Package: "oneschema/postmapping"


Column

Information about the column in a spreadsheet.

Fields

  • key: string
  • index: number
  • validation_options: { [name: string]: any } | undefined
    The validation options configured for this column.

CreateColumnOptions

Fields

  • index?: number
    A number representing the position of the column relative to other columns.

function createColumn(
key: string,
func?: (row: Record<string, string>) => string | null,
options?: CreateColumnOptions,
)

Creates a new column key. If func is defined it is used to populate the rows for the new column. func will be called for each row and the result of it will be set for the new column in this row. This function will raise an error if a column with key already exists.

Example

Create a full_name column by merging first_name and last_name:

createColumn("full_name", (row) => row["first_name"] + " " + row["last_name"])

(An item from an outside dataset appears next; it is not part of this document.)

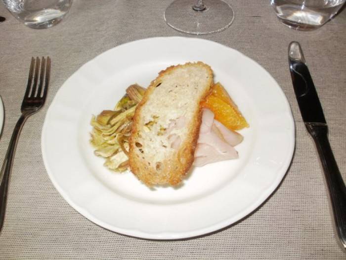 E allora eccoci pronti a provare i piatti di questo intrigante ristorante. L’entrée si materializza in un’insalata di carciofi crudi con pesce spada affumicato, agrumi e fetta di pane leggermente tostata.

Create an empty last_name column next to the first_name column:

createColumn("last_name", null, { index: findColumn("first_name").index })

function createColumns(
keys: string[],
func?: (row: Record<string, string>) => (string | null)[],
options?: CreateColumnOptions,
)

Creates multiple new columns with the given keys. If func is defined it is used to populate the rows for the new columns. func is called for each row and the result values will be used to populate the new columns for this row. If func returns more values than columns created it will ignore the additional values. If less values than columns are returned empty values will be inserted in the additional columns. This function will raise an error if a column for any of the provided keys already exists.

Example

Create first_name and last_name columns by splitting full_name:

createColumns(["first_name", "last_name"], (row) => row["full_name"].split(" "))

function deleteColumn(key: string)

Deletes the column with the given key. This function will raise an error if no column with the given key exists.


function deleteRows(
func: (row: Record<string, string>) => boolean,
)

Delete all rows for which func returns true.

Example

Delete all rows in which the id column is empty:

deleteRows((row) => row["id"] === "")

function findColumn(key: string): Column | undefined

Find a column with key. Returns the Column with key or undefined if no column with key exists.

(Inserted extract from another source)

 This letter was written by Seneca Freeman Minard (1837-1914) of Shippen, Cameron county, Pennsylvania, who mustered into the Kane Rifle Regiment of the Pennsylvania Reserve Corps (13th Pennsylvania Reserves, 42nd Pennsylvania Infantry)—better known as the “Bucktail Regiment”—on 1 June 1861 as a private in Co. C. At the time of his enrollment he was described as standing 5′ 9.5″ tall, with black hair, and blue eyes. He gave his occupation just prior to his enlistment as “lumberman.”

function hasColumn(key: string): boolean

Check if a column with key exists. Returns true is a column with key exists, false otherwise.


function transformColumn(
key: string,
func: (row: Record<string, string>) => string | null,
)

Allows updating the values in column key. func will be called for each row. If it returns a value the cell will be updated with this value. This function will raise an error if column with key does not exists.

Example

Upper-case the full_name column:

transformColumn("full_name", (row) => row["full_name"].toUpperCase())

function transformColumns(
func: (row: Record<string, string>) => Record<string, string | null>
)

Allows updating multiple columns. func is called for each row and the result is used to update the cells. This function will raise an error if a column for any of the provided keys does not exists.

Example

Upper-case the first_name and last_name columns:

transformColumns((row) => {
    return {
        "first_name": row["first_name"].toUpperCase(),
        "last_name": row["last_name"].toUpperCase(),
    }
})



Package: "oneschema/validation"


Severity

An enum representing the severity of an error

Values

  • ERROR
  • WARNING

CreateErrorOptions

Fields

  • title: string
    The title for the error. This is displayed as the title on the error popover.
  • message: string
    A message indicating why the value is invalid. This message is displayed as the contents of the error popover.
  • severity?: Severity
    If this isn't specified, the severity is Severity.ERROR.
  • suggestion?: string | string[]
    If specified, one or more valid values to suggest as replacements for the invalid value.

Row

A row in the spreadsheet

Methods

  • createError(column: string, options: CreateErrorOptions)

    Create an error on the specified column with the given options. The options must include a title and a message.